▶ INSTRUCTIONS FOR THE TASK
If pictures appear, leave them out, and return exactly the lines from the one holding "Guarnizione in gomma" through the last line of the listing below.

▶ DATASET SECTION
==========
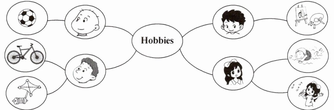 五、请根据以下思维导图,介绍你的朋友们的爱好。(不少于5句话)
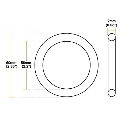 Guarnizione in gomma nitrilica, diametro interno 56 mm, diametro esterno 60 mm, larghezza 2 mm, guarnizione rotonda, confezione da 10
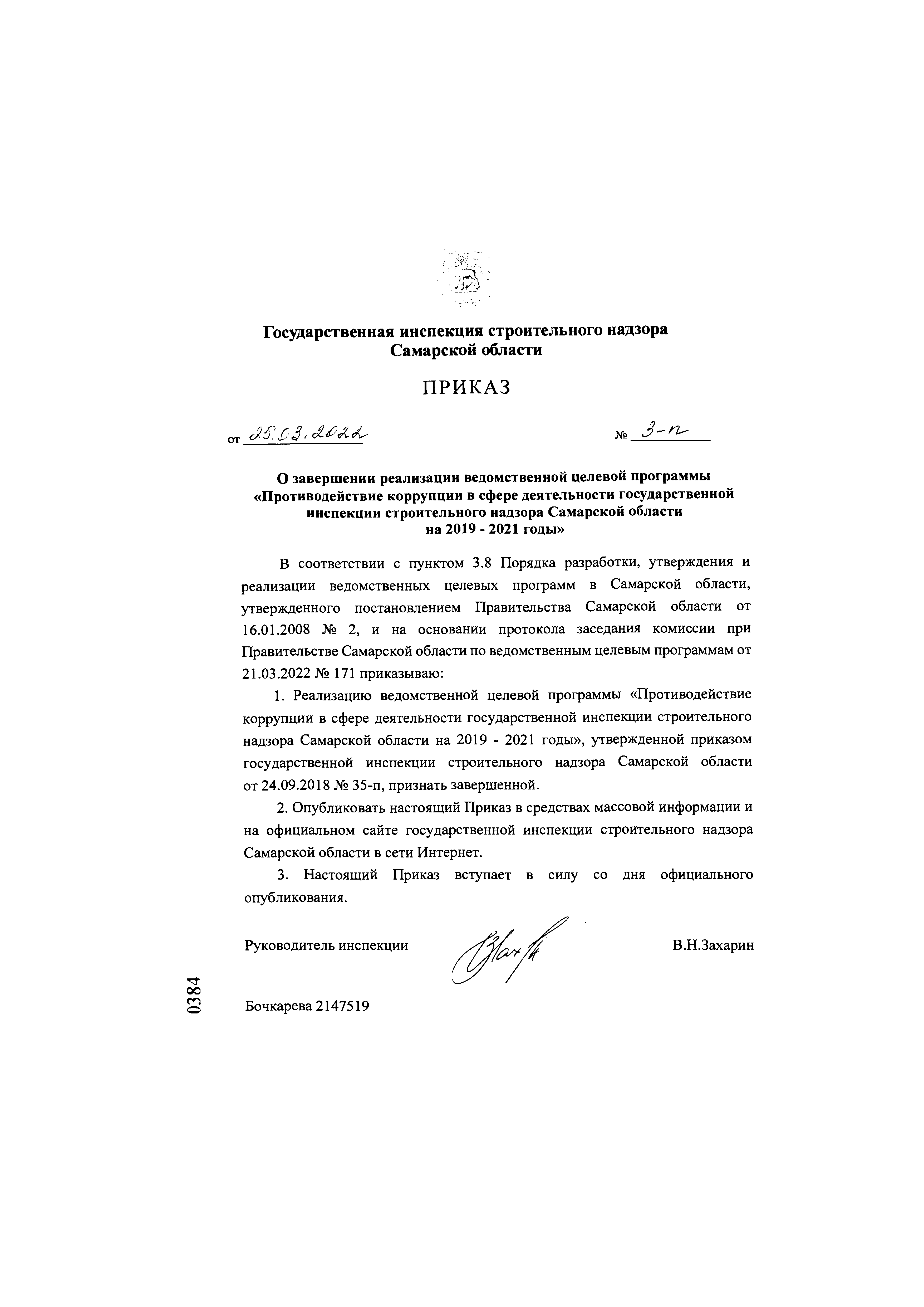 Приказ Государственной инспекции строительного надзора Самарской области от 25.03.2022 № 3-п
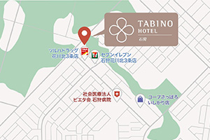 「たびのホテル石狩」は、車で札幌市中心部から約30分、新千歳空港から約1時間と、道内外からのアクセスに優れた場所に立地しています。市役所まで徒歩圏内にあり、ホテル周辺にはコンビニエンスストアやドラッグストア、スーパーマーケット、病院や中央郵便局が揃っており、また、「コストコ石狩倉庫店」へも車で約7分と、長期滞在にも適した環境が整っています。また、当ホテル敷地内には110台収容可能な無料平面駐車場を完備しており、お車でお越しのお客様にも安心してご利用いただけます。
==========
▶ RESULT OF THE TASK
 Guarnizione in gomma nitrilica, diametro interno 56 mm, diametro esterno 60 mm, larghezza 2 mm, guarnizione rotonda, confezione da 10
 Приказ Государственной инспекции строительного надзора Самарской области от 25.03.2022 № 3-п
 「たびのホテル石狩」は、車で札幌市中心部から約30分、新千歳空港から約1時間と、道内外からのアクセスに優れた場所に立地しています。市役所まで徒歩圏内にあり、ホテル周辺にはコンビニエンスストアやドラッグストア、スーパーマーケット、病院や中央郵便局が揃っており、また、「コストコ石狩倉庫店」へも車で約7分と、長期滞在にも適した環境が整っています。また、当ホテル敷地内には110台収容可能な無料平面駐車場を完備しており、お車でお越しのお客様にも安心してご利用いただけます。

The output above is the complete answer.